* [What you will do]
Could you repeat every line below exactly, skipping the images?

── Exercise data

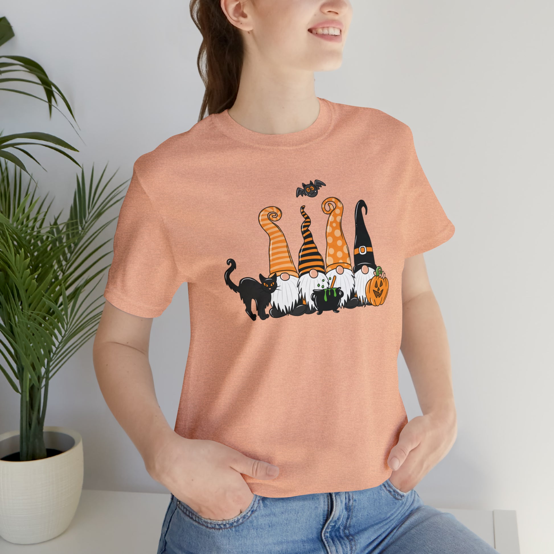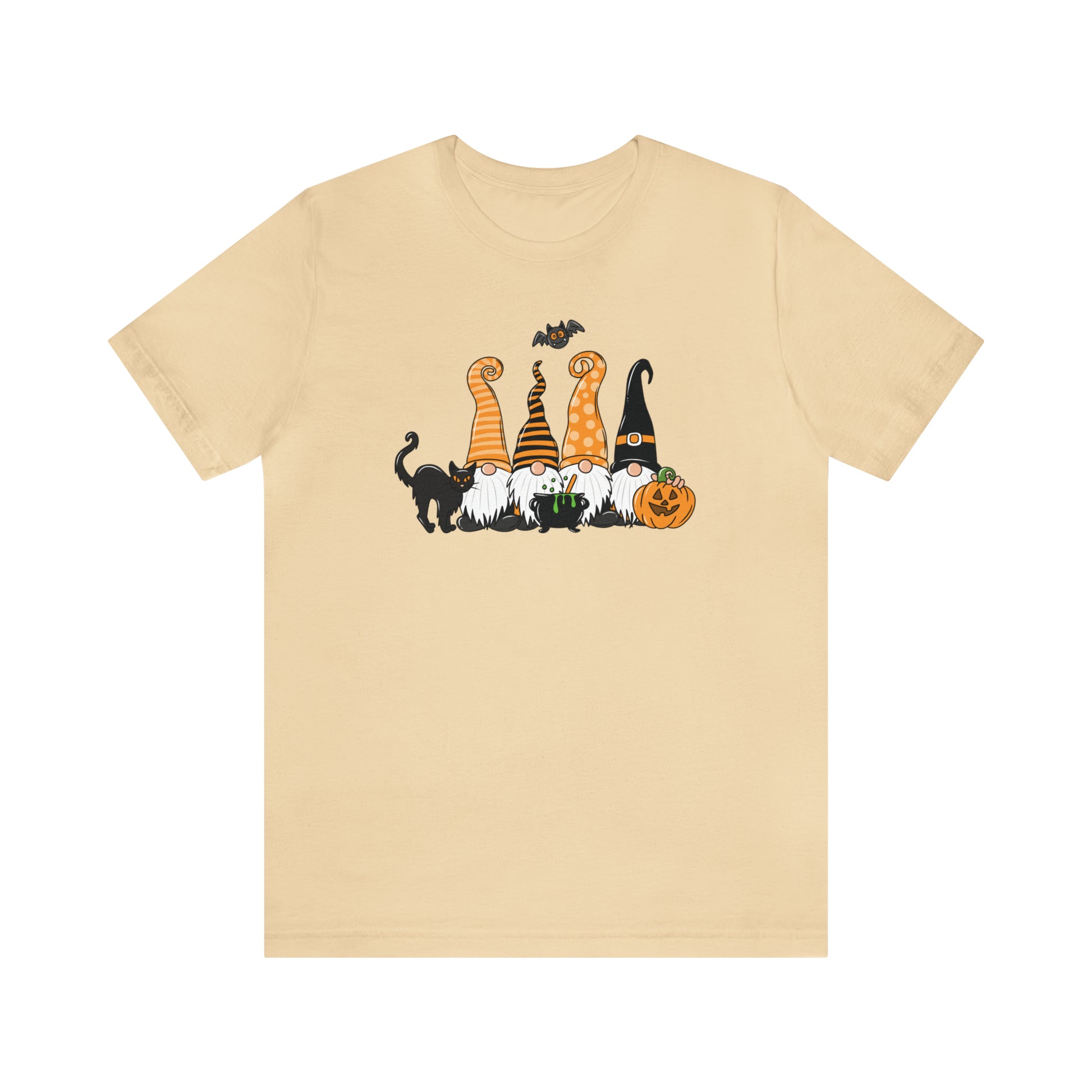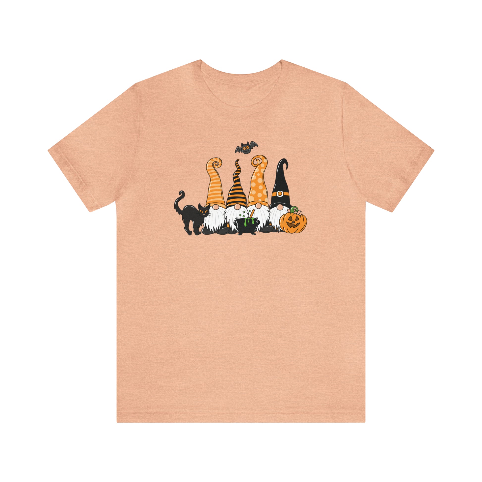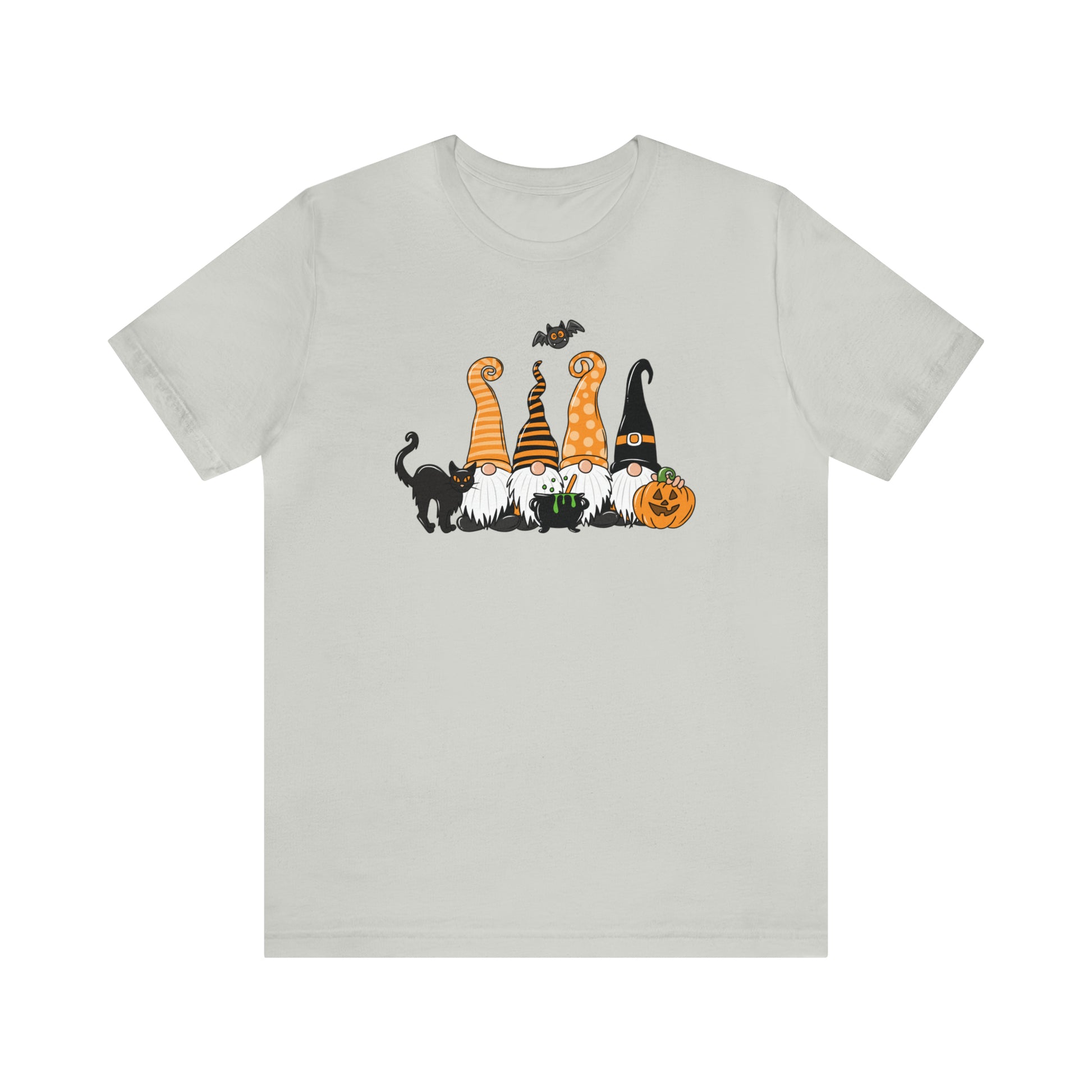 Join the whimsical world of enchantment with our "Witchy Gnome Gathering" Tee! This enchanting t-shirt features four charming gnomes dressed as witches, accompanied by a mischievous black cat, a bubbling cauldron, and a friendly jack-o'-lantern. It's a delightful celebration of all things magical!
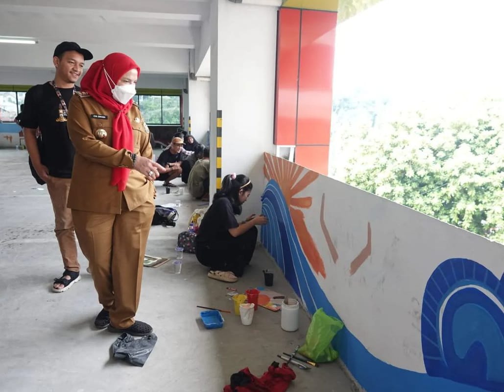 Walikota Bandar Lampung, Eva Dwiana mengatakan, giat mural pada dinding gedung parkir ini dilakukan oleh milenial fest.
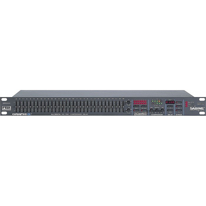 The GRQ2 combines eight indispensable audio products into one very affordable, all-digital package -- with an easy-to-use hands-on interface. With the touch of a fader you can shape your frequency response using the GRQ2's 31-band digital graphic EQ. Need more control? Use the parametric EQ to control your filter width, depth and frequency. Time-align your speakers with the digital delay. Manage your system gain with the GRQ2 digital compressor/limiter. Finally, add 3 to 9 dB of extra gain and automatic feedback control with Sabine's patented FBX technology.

────

* [Written response]
 Join the whimsical world of enchantment with our "Witchy Gnome Gathering" Tee! This enchanting t-shirt features four charming gnomes dressed as witches, accompanied by a mischievous black cat, a bubbling cauldron, and a friendly jack-o'-lantern. It's a delightful celebration of all things magical!
 Walikota Bandar Lampung, Eva Dwiana mengatakan, giat mural pada dinding gedung parkir ini dilakukan oleh milenial fest.
 The GRQ2 combines eight indispensable audio products into one very affordable, all-digital package -- with an easy-to-use hands-on interface. With the touch of a fader you can shape your frequency response using the GRQ2's 31-band digital graphic EQ. Need more control? Use the parametric EQ to control your filter width, depth and frequency. Time-align your speakers with the digital delay. Manage your system gain with the GRQ2 digital compressor/limiter. Finally, add 3 to 9 dB of extra gain and automatic feedback control with Sabine's patented FBX technology.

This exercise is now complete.